WHAT YOU SHOULD DO - A faithful copy is required: retype the records from their first line through the line with "Tortilla de harina", and omit the pictures.

Records from a dataset -

►

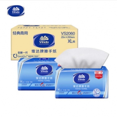 Vinda/維達 VS2060 單層三折擦手紙 222*226mm 200張/包 20包/箱
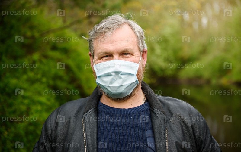 Счастливый мужчина в медицинской маске на прогулке у реки радуется окончанию карантина
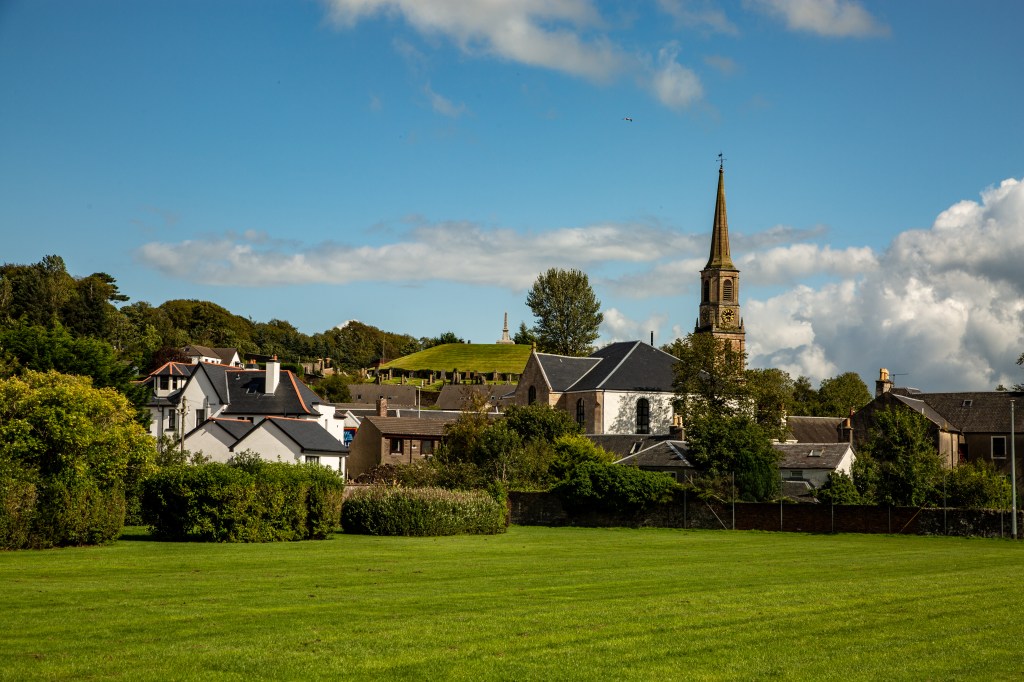 Look for the building with the mural of Strathaven and turn down into The Allison Green – Strathaven’s old Washing Green.
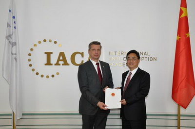 2016年5月3日,中国新任驻维也纳联合国和其他国际组织代表史忠俊大使向国际反腐败学院院长马丁•克鲁特纳递交全权证书。
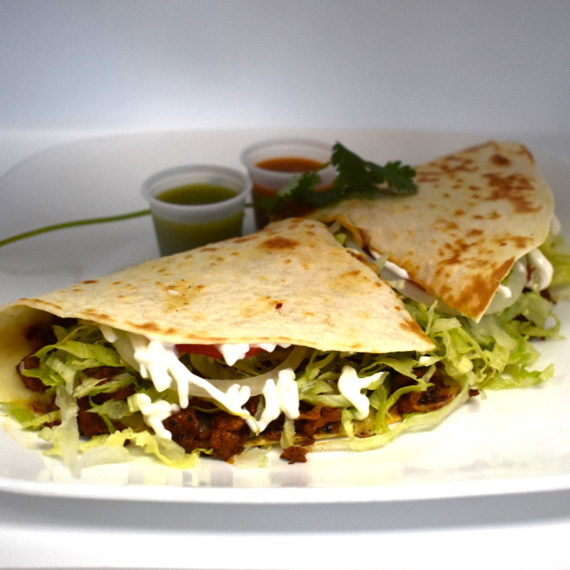 Tortilla de harina grande , queso mozarella, deshebrada, lechuga, tomate, aguacate y salsa aparte
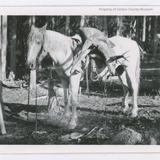 Update 2008: Black and white glossy reprint of a light colored horse with bridle reins hanging down to the ground with a dead buck deer lain sideways across saddle with its upper torso facing camera lens. Various straps and strings are hanging down from the saddle. Horse is standing on twig and leaved ground in a wooden area.
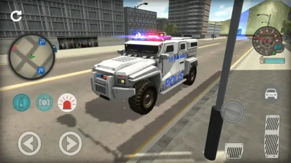 🚔 Real Police Cars: Choose from multiple high-quality police vehicles with working sirens and lights.
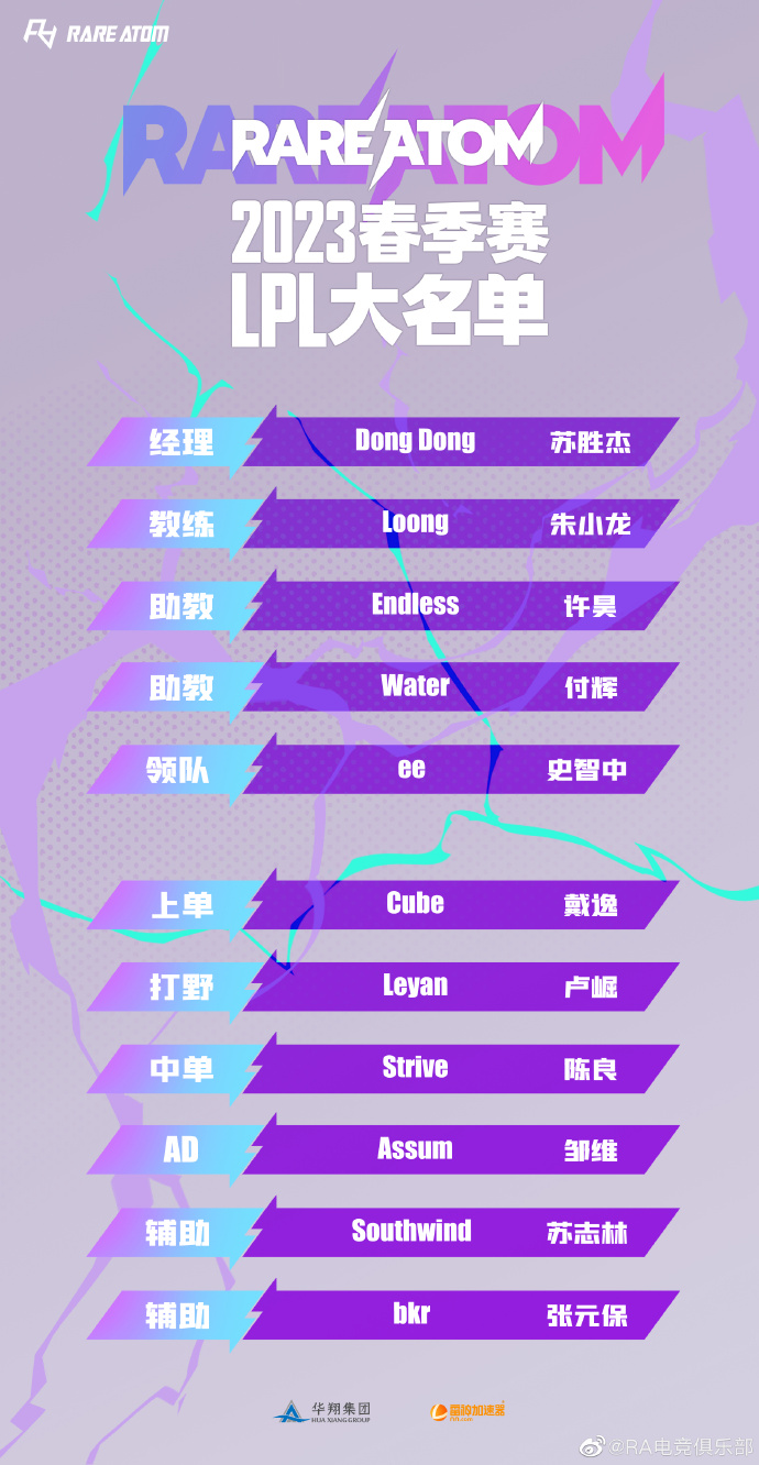 今日RA战队宣布2023春季赛大名单,上中野依旧是Cube、Leyan、Strive,下路则是Assum携手Southwind。

◄

ANSWER SECTION -
 Vinda/維達 VS2060 單層三折擦手紙 222*226mm 200張/包 20包/箱
 Счастливый мужчина в медицинской маске на прогулке у реки радуется окончанию карантина
 Look for the building with the mural of Strathaven and turn down into The Allison Green – Strathaven’s old Washing Green.
 2016年5月3日,中国新任驻维也纳联合国和其他国际组织代表史忠俊大使向国际反腐败学院院长马丁•克鲁特纳递交全权证书。
 Tortilla de harina grande , queso mozarella, deshebrada, lechuga, tomate, aguacate y salsa aparte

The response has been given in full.